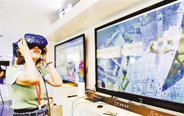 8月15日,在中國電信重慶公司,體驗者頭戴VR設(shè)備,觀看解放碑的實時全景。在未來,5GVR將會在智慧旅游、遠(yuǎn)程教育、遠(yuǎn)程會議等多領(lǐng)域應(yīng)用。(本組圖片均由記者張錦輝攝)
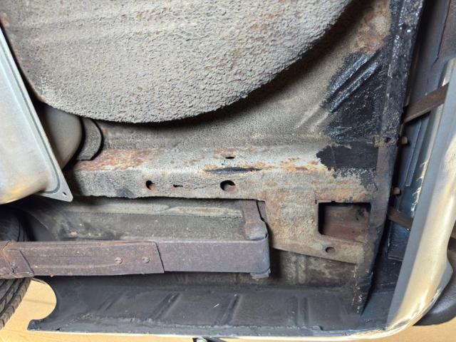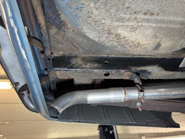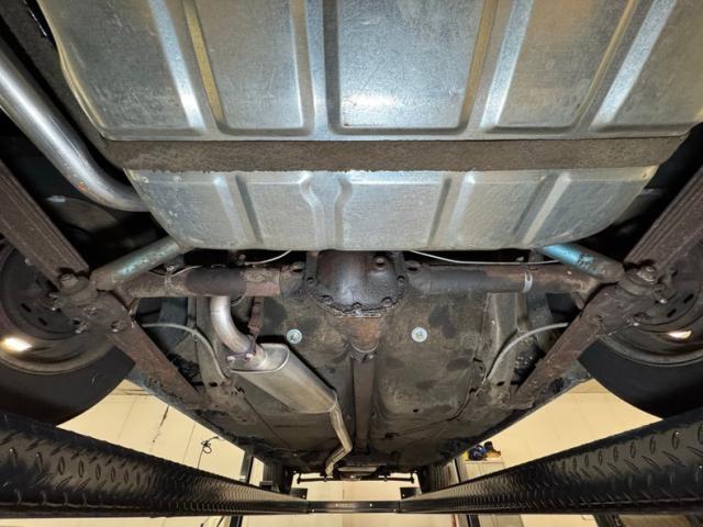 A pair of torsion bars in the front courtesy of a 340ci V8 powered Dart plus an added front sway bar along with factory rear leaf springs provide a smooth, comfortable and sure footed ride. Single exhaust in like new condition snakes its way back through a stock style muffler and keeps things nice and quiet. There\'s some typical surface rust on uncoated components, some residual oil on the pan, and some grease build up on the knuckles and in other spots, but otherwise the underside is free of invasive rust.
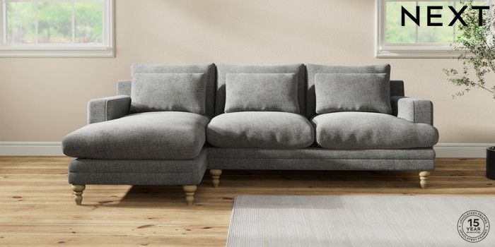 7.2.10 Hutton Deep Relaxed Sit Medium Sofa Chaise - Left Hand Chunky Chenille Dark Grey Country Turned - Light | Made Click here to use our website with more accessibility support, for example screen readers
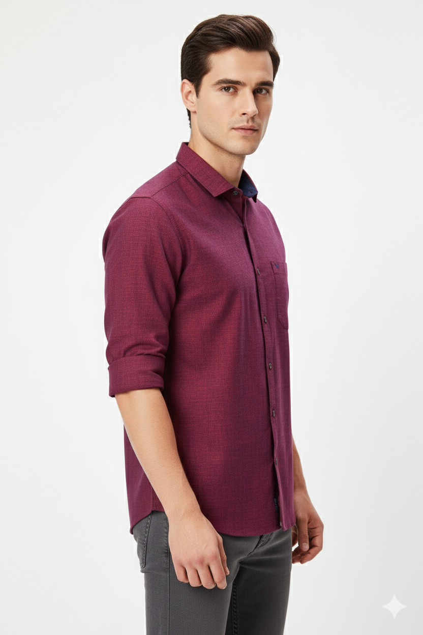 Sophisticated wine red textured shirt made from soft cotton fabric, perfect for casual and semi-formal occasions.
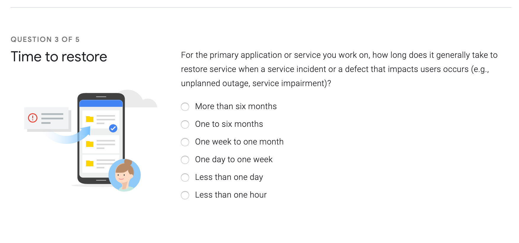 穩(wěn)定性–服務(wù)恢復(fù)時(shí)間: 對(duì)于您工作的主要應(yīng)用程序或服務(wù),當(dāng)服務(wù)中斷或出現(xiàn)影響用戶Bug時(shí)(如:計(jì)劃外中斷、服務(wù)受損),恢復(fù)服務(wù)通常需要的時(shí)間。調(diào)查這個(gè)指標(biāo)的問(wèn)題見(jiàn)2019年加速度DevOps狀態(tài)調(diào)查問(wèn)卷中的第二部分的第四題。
--
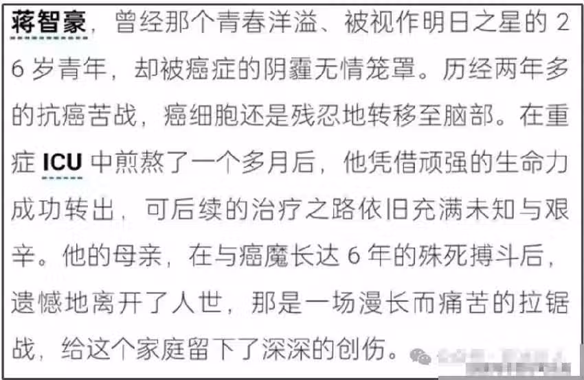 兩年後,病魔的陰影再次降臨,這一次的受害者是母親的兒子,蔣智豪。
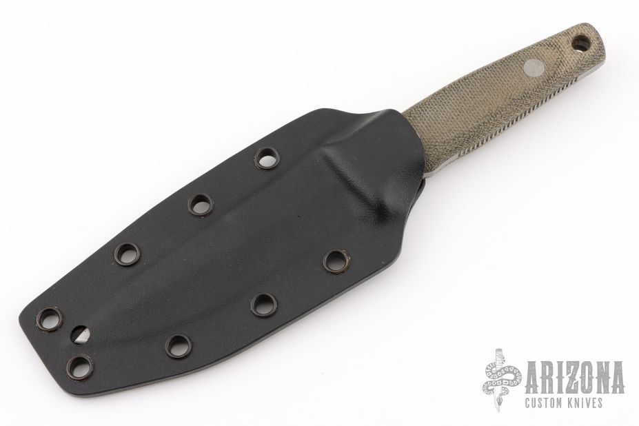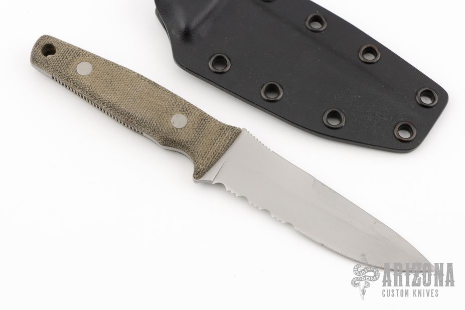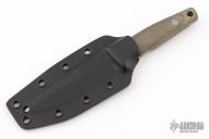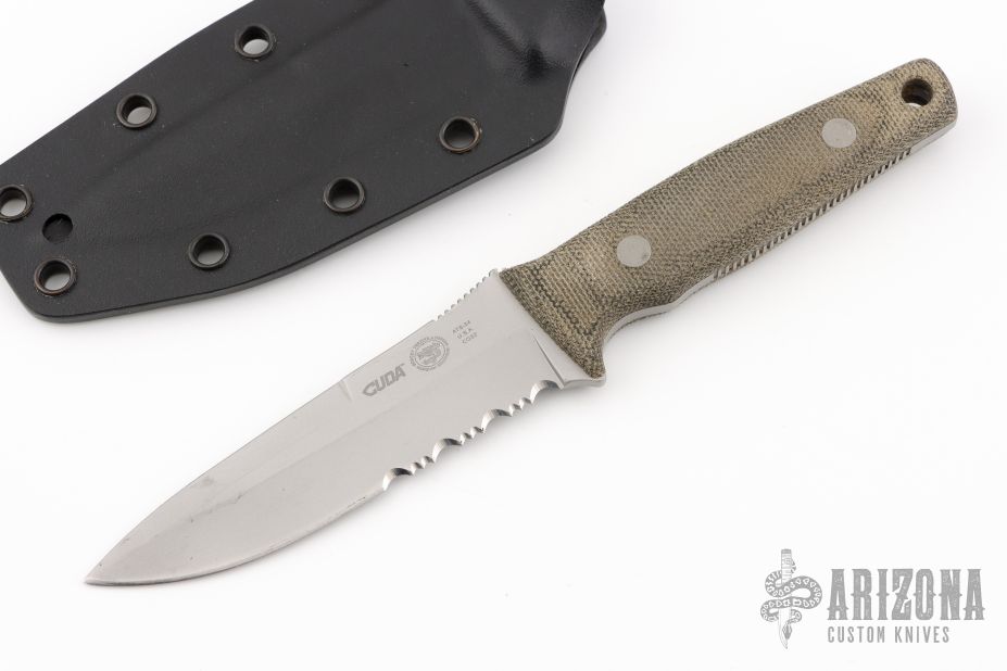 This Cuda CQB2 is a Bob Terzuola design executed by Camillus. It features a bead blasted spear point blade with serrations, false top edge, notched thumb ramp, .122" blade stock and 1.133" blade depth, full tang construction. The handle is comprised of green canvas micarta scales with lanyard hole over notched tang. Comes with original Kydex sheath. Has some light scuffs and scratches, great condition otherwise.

— Directions —
An exact copy is needed of the stretch above that opens with the line containing "7.2.10 Hutton Deep" and closes with the line containing "穩(wěn)定性–服務(wù"; the pictures are not part of it.

— Answer box —
 7.2.10 Hutton Deep Relaxed Sit Medium Sofa Chaise - Left Hand Chunky Chenille Dark Grey Country Turned - Light | Made Click here to use our website with more accessibility support, for example screen readers
 Sophisticated wine red textured shirt made from soft cotton fabric, perfect for casual and semi-formal occasions.
 穩(wěn)定性–服務(wù)恢復(fù)時(shí)間: 對(duì)于您工作的主要應(yīng)用程序或服務(wù),當(dāng)服務(wù)中斷或出現(xiàn)影響用戶Bug時(shí)(如:計(jì)劃外中斷、服務(wù)受損),恢復(fù)服務(wù)通常需要的時(shí)間。調(diào)查這個(gè)指標(biāo)的問(wèn)題見(jiàn)2019年加速度DevOps狀態(tài)調(diào)查問(wèn)卷中的第二部分的第四題。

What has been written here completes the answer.